__Given records__
______

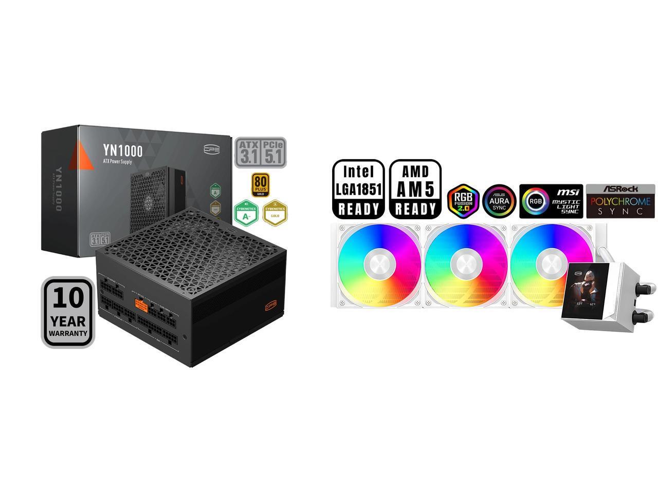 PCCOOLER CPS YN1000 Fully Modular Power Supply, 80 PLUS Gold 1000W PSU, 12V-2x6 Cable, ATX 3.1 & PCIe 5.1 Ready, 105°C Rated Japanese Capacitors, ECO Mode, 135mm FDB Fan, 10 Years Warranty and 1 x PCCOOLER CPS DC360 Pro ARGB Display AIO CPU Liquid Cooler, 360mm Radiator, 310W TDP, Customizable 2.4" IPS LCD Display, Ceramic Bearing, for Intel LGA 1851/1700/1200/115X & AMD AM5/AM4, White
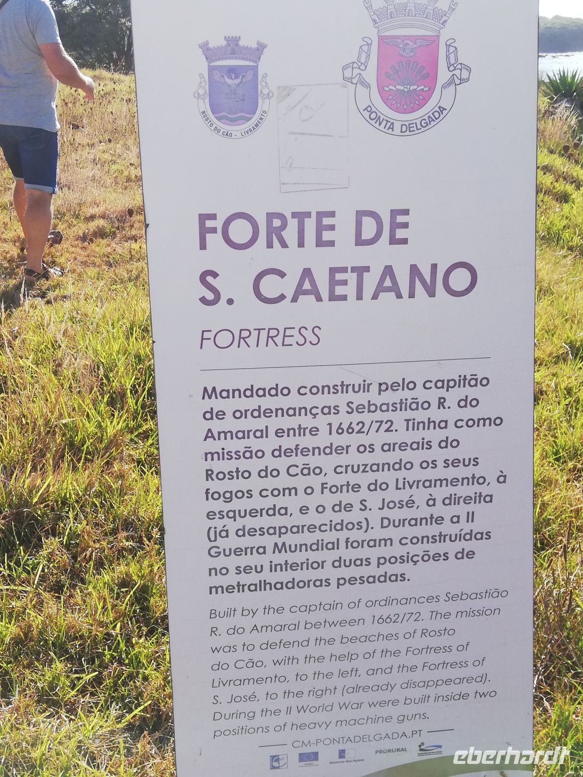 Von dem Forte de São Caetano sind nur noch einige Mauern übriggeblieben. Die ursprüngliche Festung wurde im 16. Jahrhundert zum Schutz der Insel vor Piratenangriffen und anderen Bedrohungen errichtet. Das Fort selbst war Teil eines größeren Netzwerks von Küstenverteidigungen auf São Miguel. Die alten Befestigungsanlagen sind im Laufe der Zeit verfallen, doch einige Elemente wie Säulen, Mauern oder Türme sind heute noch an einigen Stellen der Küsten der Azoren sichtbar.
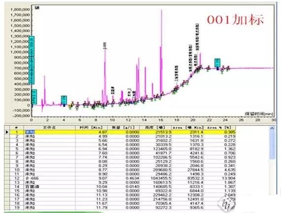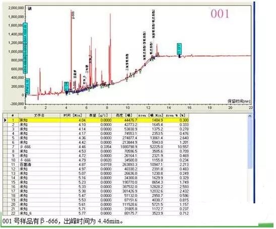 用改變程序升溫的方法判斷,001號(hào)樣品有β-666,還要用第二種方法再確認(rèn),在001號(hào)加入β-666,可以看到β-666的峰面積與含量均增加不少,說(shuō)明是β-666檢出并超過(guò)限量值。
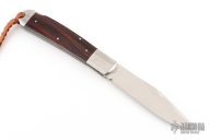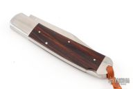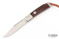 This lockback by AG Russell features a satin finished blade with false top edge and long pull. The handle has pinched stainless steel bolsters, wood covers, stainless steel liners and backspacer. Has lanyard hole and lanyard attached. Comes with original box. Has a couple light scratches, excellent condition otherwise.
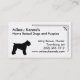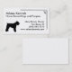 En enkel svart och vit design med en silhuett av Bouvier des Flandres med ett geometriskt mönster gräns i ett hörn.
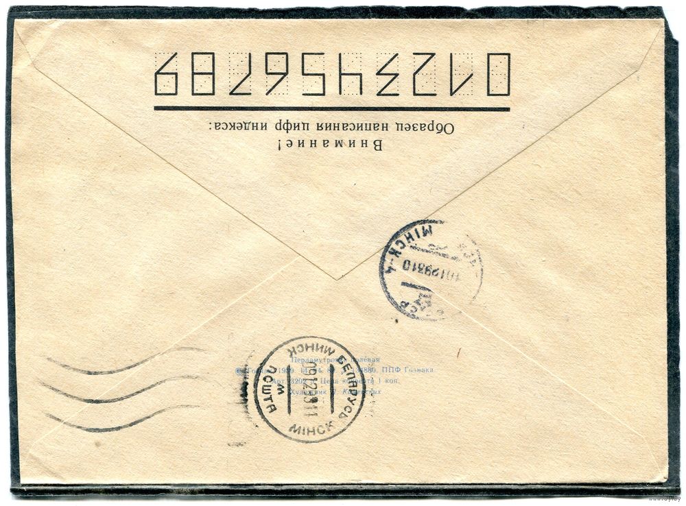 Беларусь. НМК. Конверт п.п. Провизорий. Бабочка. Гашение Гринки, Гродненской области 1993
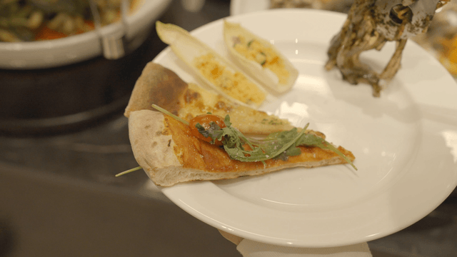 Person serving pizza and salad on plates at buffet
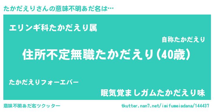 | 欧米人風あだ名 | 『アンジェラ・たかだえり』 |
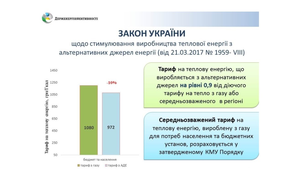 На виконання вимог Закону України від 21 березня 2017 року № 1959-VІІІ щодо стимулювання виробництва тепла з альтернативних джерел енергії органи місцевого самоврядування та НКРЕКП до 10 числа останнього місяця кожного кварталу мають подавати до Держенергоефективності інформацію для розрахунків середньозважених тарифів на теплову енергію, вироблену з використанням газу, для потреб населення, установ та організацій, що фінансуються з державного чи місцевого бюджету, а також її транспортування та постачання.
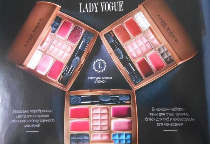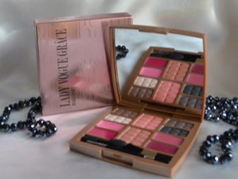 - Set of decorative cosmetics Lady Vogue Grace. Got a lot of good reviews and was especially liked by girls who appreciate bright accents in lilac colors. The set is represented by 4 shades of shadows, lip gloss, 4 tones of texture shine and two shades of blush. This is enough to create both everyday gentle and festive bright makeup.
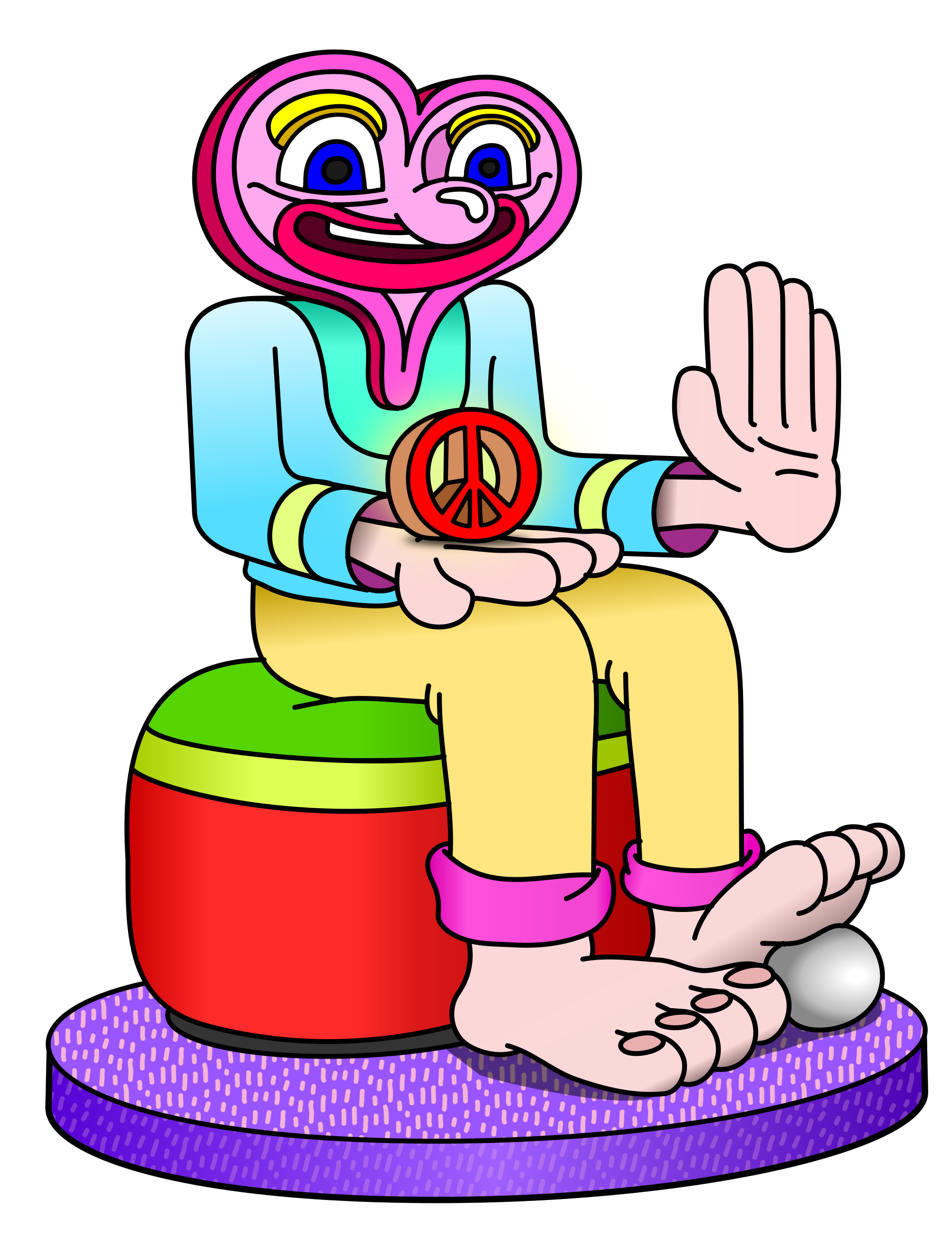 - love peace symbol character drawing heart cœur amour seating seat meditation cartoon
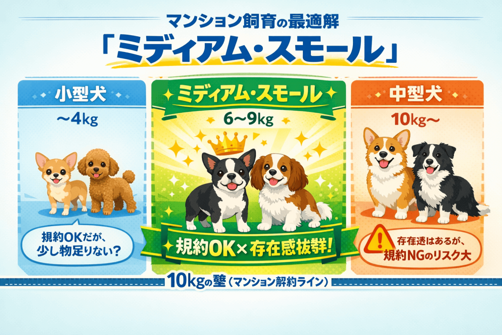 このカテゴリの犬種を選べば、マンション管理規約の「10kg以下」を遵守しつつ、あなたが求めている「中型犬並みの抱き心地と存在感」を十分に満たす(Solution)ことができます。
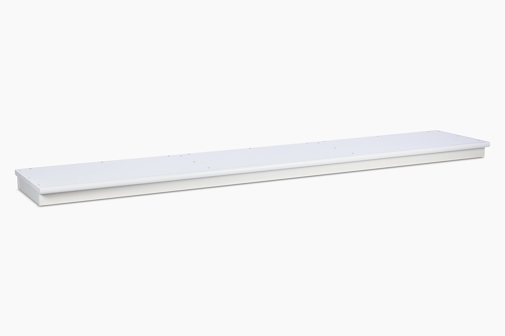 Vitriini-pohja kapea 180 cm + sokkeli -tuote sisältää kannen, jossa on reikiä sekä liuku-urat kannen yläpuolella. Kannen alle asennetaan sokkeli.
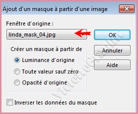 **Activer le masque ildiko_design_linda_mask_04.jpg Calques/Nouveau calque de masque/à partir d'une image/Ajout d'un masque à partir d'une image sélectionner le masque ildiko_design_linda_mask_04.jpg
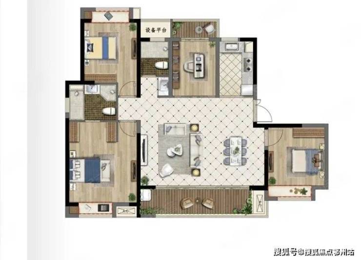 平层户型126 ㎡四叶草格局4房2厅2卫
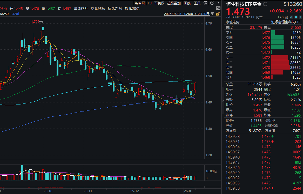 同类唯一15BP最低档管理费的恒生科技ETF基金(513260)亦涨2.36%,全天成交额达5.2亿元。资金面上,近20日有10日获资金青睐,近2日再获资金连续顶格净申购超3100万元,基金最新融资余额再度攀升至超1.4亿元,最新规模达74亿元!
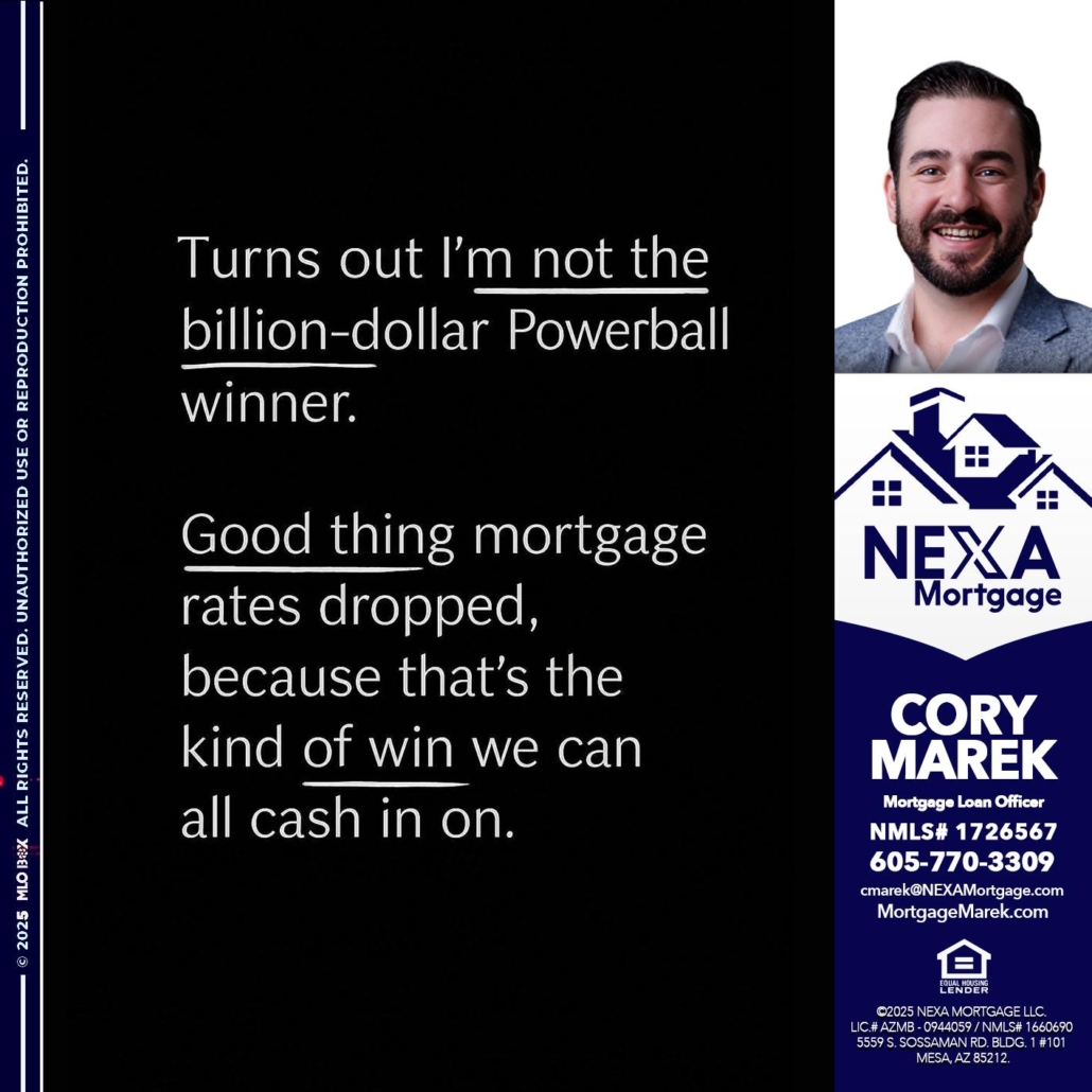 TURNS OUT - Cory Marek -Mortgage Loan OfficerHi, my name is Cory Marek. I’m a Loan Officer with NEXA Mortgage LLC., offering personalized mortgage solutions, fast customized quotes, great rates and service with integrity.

______

__Task to carry out__
From the line holding "sélectionner le masque ildiko_design_linda_mask_04.jpg" through the last line of the material above, each line should be written out exactly, both included; omit the pictures.

__Result below__
 **Activer le masque ildiko_design_linda_mask_04.jpg Calques/Nouveau calque de masque/à partir d'une image/Ajout d'un masque à partir d'une image sélectionner le masque ildiko_design_linda_mask_04.jpg
 平层户型126 ㎡四叶草格局4房2厅2卫
 同类唯一15BP最低档管理费的恒生科技ETF基金(513260)亦涨2.36%,全天成交额达5.2亿元。资金面上,近20日有10日获资金青睐,近2日再获资金连续顶格净申购超3100万元,基金最新融资余额再度攀升至超1.4亿元,最新规模达74亿元!
 TURNS OUT - Cory Marek -Mortgage Loan OfficerHi, my name is Cory Marek. I’m a Loan Officer with NEXA Mortgage LLC., offering personalized mortgage solutions, fast customized quotes, great rates and service with integrity.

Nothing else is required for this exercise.